- Born: David A. Truesdale October 1950 (age 75)
- Occupations: Editor; critic;

= Dave Truesdale =

American editor and literary critic (born 1950)

David A. Truesdale is an American science fiction editor and literary critic.

==Early life==
Truesdale graduated from the University of Wisconsin–Oshkosh with a double major in English and philosophy.

==Editorial career==
Truesdale founded his science fiction fanzine Tangent in 1975 while living in Oshkosh, Wisconsin. The magazine ceased publication in 1977, but Truesdale revived it in 1993 and moved it online in 1997. Tangent Online currently features articles, interviews, editorials and reviews of fiction published in professional science fiction and fantasy magazines. It has been a finalist six times for a Hugo Award. In 2004 Tangent Online was a finalist for a World Fantasy Award in the Special Award, Non-Professional category. In 2002 the magazine was awarded sixth place in the Locus Award for Best Website category.
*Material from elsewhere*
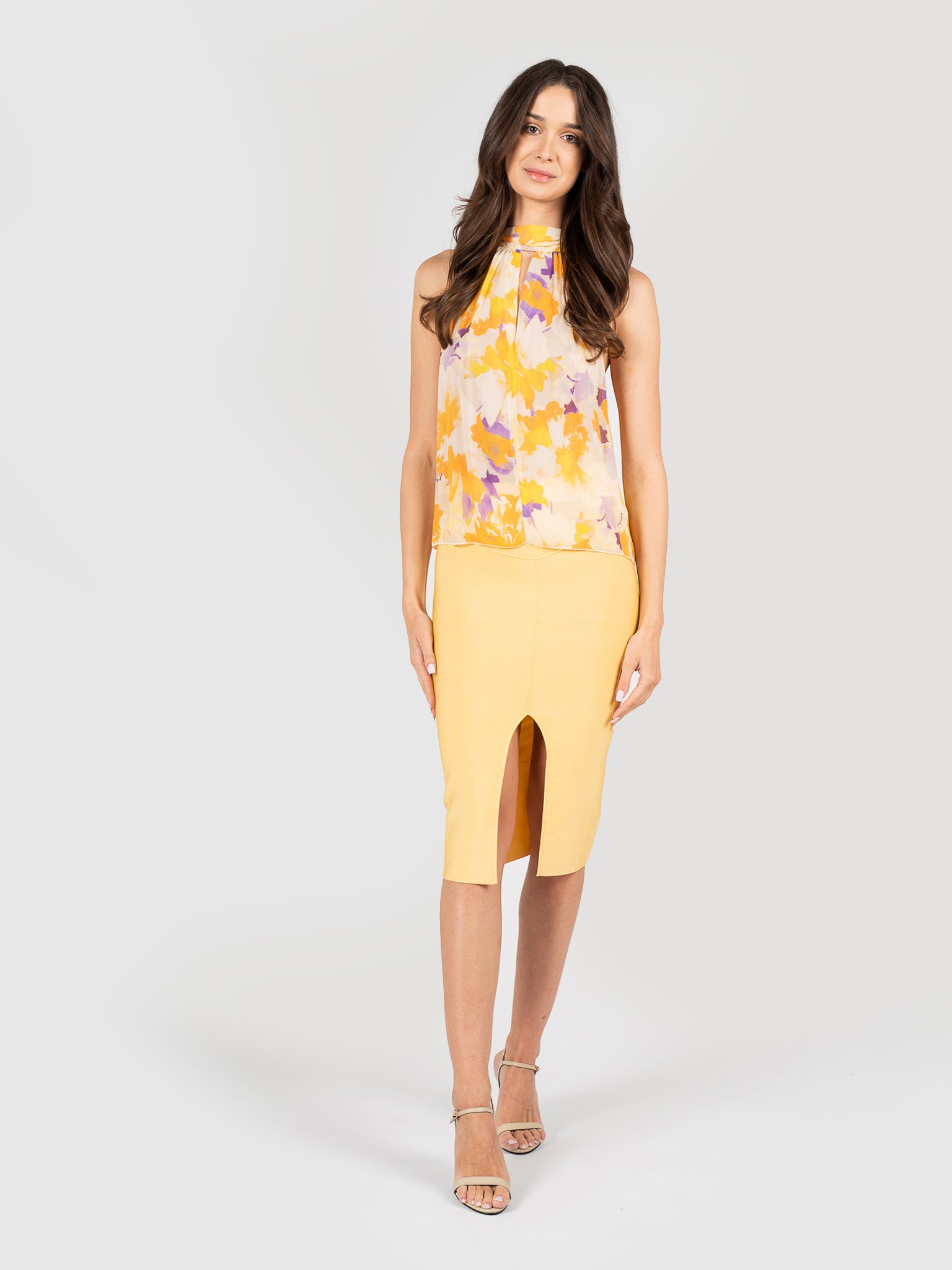 Z rozcięciem na wysokości dekoltu z przodu, które dodaje delikatnego uroku i pozwala na subtelne odsłonięcie skóry, co jest doskonałym sposobem na wprowadzenie odrobiny zmysłowości do Twojej stylizacji.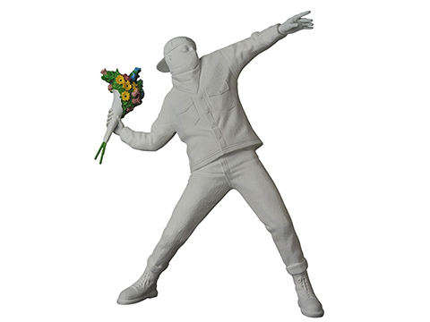《擲花者》乃神秘塗鴉藝術家Banksy其中一件招牌創作。這塗鴉靈感源自投擲氣油彈的示威者,但手上卻換成鮮花,反戰味道十足。

Truesdale served as editor for the SFWA Bulletin from 1999-2002 and as a columnist for F&SF from 2005-2009. He also served as a judge for the World Fantasy Award in 1998.

==Controversies==
===2010 email petition===
In 2010 Truesdale circulated a petition to oppose creation of a SFWA advisory board which was meant to peer-review the SFWA Bulletin as a guard against possibly harmful elements. The petition was perceived as opposing efforts within the SFWA to reduce sexism. It read, in part: “It is our hope others will add their names to this call for SFWA President Steven Gould to kill any proposed advisory board or any other method designed to censor or infringe on any SFWA member their First Amendment right to freedom of speech in the pages of the SFWA Bulletin".
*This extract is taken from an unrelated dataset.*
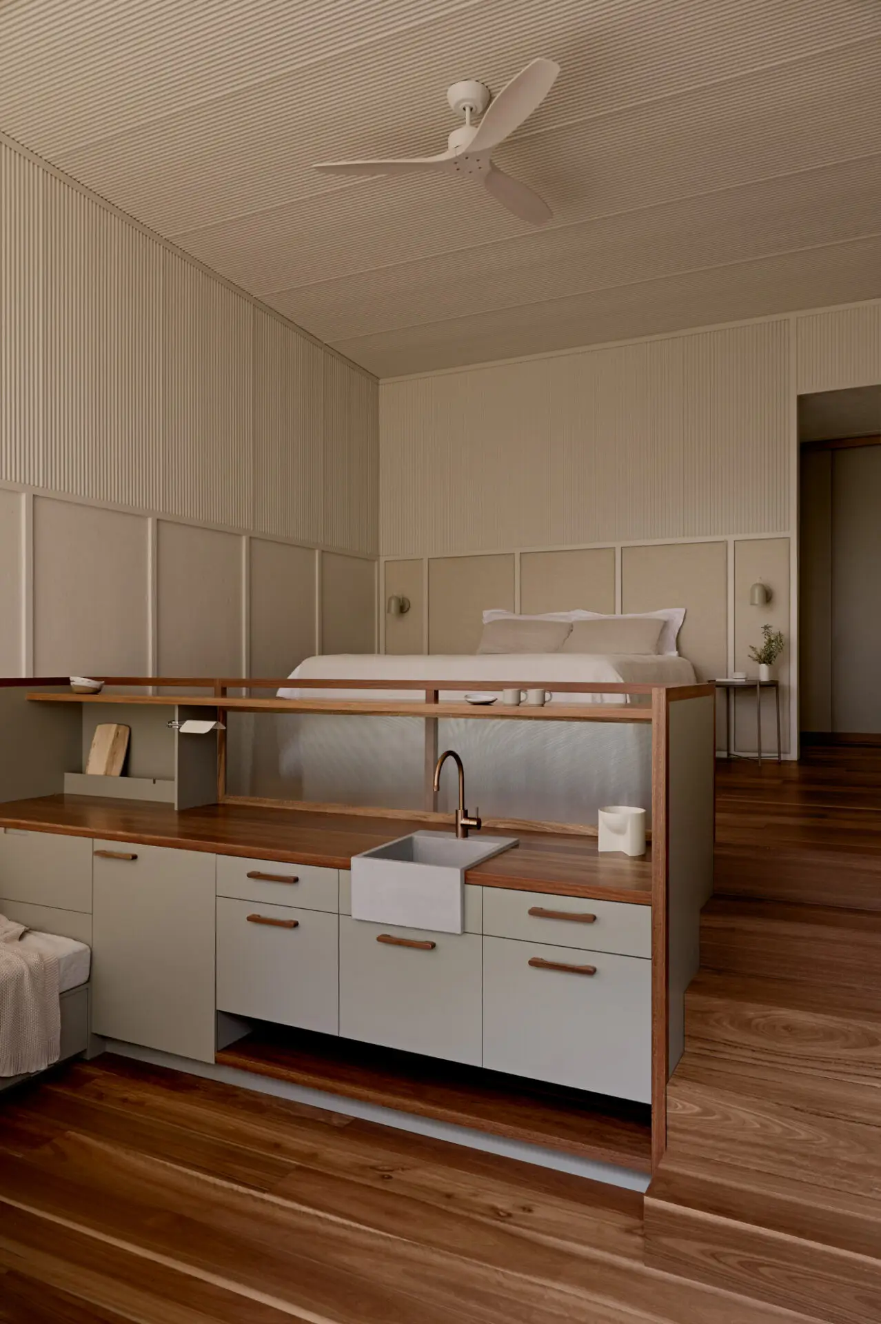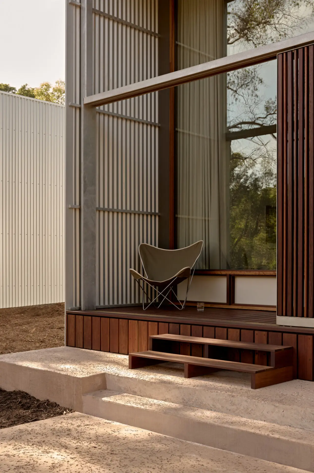 The architecture adopts a robust, utilitarian language inspired by shed typologies, sitting comfortably within the bush context. Dwellings are positioned in the location of former structures, carefully spaced to protect mature trees and allow landscape and views to pass through. Split-level interiors, configurable timber screens and private/public verandahs provide privacy, shade and visual connection to the bush.

===2016 MidAmeriCon II expulsion===
In 2016 Truesdale served as moderator for the State of Short Fiction panel at MidAmeriCon II in Kansas City, Missouri, which administered the Hugo Awards. Truesdale began the session with a long monologue asserting his opinions. His comments were considered inflammatory, and it was reported that some people walked out of the panel discussion, while others on the panel eventually interrupted in order to continue the discussion. Afterward, Truesdale was expelled from the convention even though he was a 2016 finalist for a Hugo Award. According to a statement from MidAmeriCon II: "Dave Truesdale's membership was revoked because he violated MidAmeriCon II's Code of Conduct. Specifically, he caused 'significant interference with event operations and caused excessive discomfort to others'."

==Personal life==
Truesdale currently lives in Kansas City, Missouri. Besides his career as an editor, he pursues interests in astronomy and old time radio history.